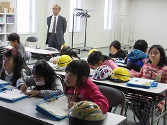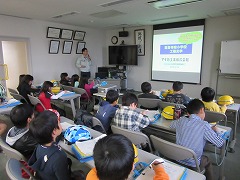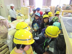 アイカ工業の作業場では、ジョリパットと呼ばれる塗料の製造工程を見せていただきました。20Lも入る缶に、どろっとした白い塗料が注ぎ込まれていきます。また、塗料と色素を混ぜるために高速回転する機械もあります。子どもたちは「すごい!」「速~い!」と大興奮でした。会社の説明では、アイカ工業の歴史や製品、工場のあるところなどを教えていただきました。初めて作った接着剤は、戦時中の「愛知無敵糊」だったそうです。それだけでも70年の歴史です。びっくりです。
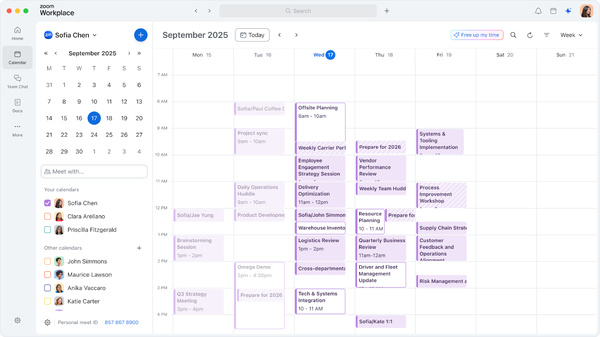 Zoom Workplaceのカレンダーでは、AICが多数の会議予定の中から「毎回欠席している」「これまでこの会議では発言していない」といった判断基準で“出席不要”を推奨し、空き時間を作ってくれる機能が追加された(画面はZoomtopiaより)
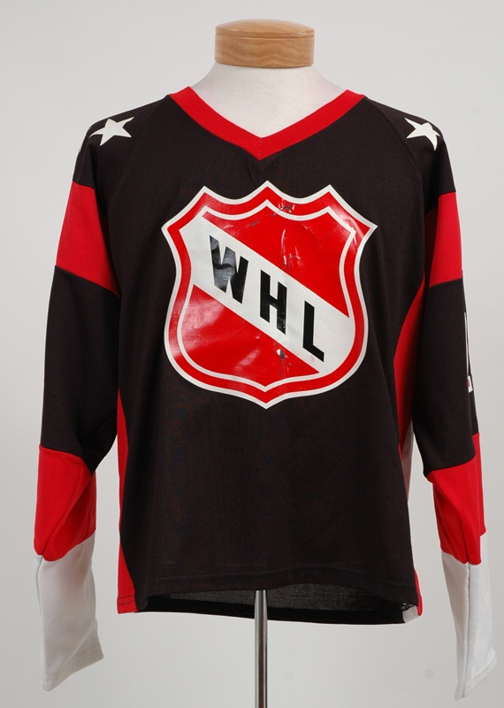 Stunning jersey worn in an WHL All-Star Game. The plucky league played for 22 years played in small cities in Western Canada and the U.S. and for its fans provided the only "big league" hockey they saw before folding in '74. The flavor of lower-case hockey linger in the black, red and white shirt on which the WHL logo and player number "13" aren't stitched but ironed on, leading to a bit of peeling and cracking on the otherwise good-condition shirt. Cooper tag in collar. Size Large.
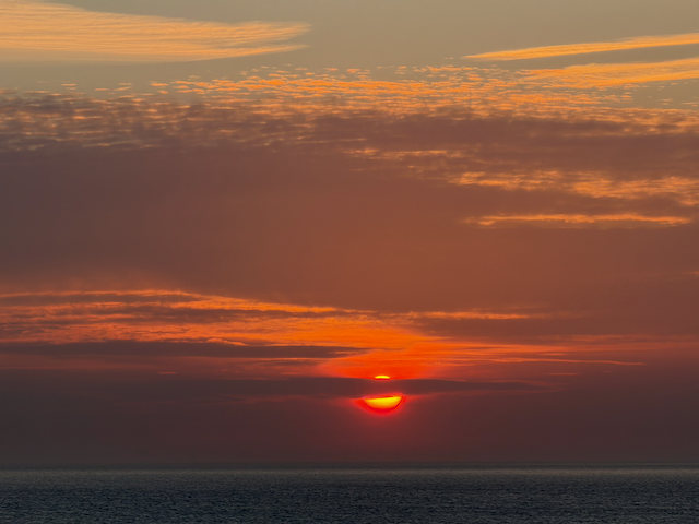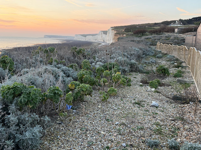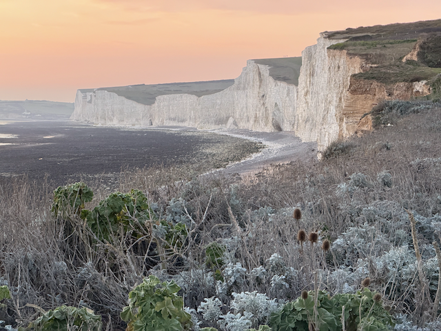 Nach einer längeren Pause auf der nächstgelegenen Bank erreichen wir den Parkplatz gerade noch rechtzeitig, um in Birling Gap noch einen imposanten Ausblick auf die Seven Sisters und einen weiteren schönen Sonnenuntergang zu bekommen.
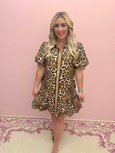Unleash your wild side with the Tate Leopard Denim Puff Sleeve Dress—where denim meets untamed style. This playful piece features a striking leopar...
------------------------------------
Excluding all pictures, output exactly the lines from the line containing "Zoom Workplace" through the last line of the entries above.

_RESPONSE:_
 Zoom Workplaceのカレンダーでは、AICが多数の会議予定の中から「毎回欠席している」「これまでこの会議では発言していない」といった判断基準で“出席不要”を推奨し、空き時間を作ってくれる機能が追加された(画面はZoomtopiaより)
 Stunning jersey worn in an WHL All-Star Game. The plucky league played for 22 years played in small cities in Western Canada and the U.S. and for its fans provided the only "big league" hockey they saw before folding in '74. The flavor of lower-case hockey linger in the black, red and white shirt on which the WHL logo and player number "13" aren't stitched but ironed on, leading to a bit of peeling and cracking on the otherwise good-condition shirt. Cooper tag in collar. Size Large.
 Nach einer längeren Pause auf der nächstgelegenen Bank erreichen wir den Parkplatz gerade noch rechtzeitig, um in Birling Gap noch einen imposanten Ausblick auf die Seven Sisters und einen weiteren schönen Sonnenuntergang zu bekommen.
Unleash your wild side with the Tate Leopard Denim Puff Sleeve Dress—where denim meets untamed style. This playful piece features a striking leopar...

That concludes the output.